How many years and prosecuted pharmacists has it been so far?? Why the sudden urgency?

The DoH seem eager to lay out the red carpet for when technicians take over from pharmacists. They are all a bunch of hypocrites- the RPS, APTUK GPhC etc. They keep stating how important it is to have open conversations whilst holding secret meetings the past few years regarding issues that will negatively impact upon pharmacists and patient safety. It is truly horrifying how little common sense and real-world understanding of healthcare individuals in positions of authority possess.

martin gibson, Locum pharmacist

How can Ken say that PDA have not been excluded from the discussion when, plainly, they have been?    Turns out the PDA will only be "allowed to comment" retrospectively on a fait accompli ..... but they should have been involved from the very start. 

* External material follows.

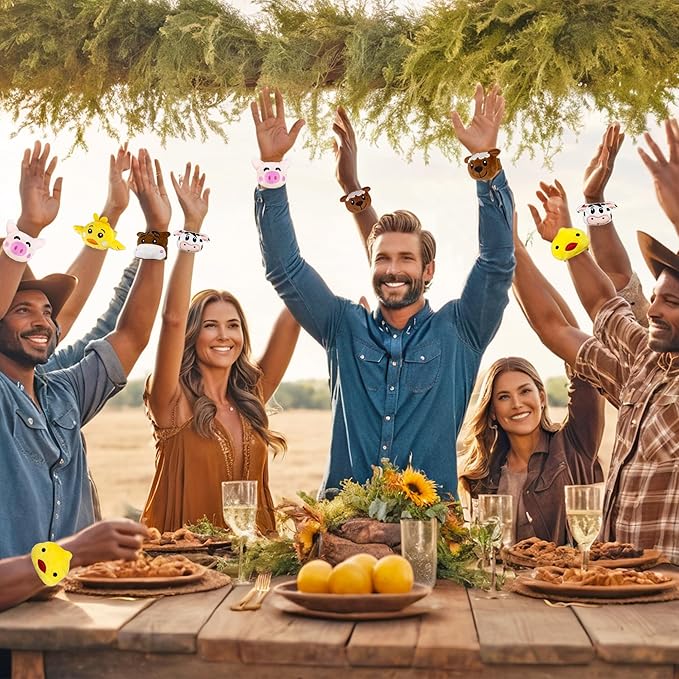 - Stuffed Animal Slap Bracelets for Farm Animal Enthusiasts: A set of 12 plush animal-themed slap bracelets featuring cute and intricate designs of cows, horses, sheep, chickens, ducks and pigs, in 6 different styles.

Leon The Apothecary, Student

Open and Honest are the cornerstones of the pharmacy profession. Ken would do well to consider that. 

Jonny Johal, Pharmacy Area manager/ Operations Manager

This Ken is so very "Yes, Minister", typical civil service personnel, makes me laugh. Why don't we find him credible?

Dave Downham, Manager

So, Ken, who's your mole?

Kevin Western, Community pharmacist

" We are dedicated to seeing community pharmacies flourish" so where are all these mythical services we are supposed to have to replace the vanishing dispensing income? the flu service was a step forward but that was years ago... you are going to have to do better than that, and if you think that Boots idea of a flourishing Pharmacy includes a Pharmacist if you give them an out you shouldnt be in the job

Ilove Pharmacy, Non Pharmacist Branch Manager

I agree. Corrupt practices and crooked relationships can't work effectively in public discussions. Behind closed doors is always best.

PARESH shah, Community pharmacist

Trust is very important. At the moment the NHS and all its quangos are the least trusted and all this discussion makes it even worse after all that has happened in the last 2 years. At the moment pharmacists have NO confidence in the NHS and all this discussion in private is not making it any better. The NHS is making itself like a DICTATOR .

Simon MEDLEY, Community pharmacist

'' work has moved apace''  '' decriminalisation of dispnesing errors''... that will be a snails pace then


Paul Dishman, Pharmaceutical Adviser

With the way that successive governments have behaved towards the pharmacy profession, is it any wonder that pharmacists fear a stitch-up? Weasel words, Mr Jarrold, weasel words. What have you to fear from discussions taking place in public?



Locum Pharmacist, Locum pharmacist

I imagine he feared people with a shred of sense may actually pick up on the fact that they are trying to save save money whilst endangering public safety. Based on that criteria, RPS, APTUK and the GPhC were no danger.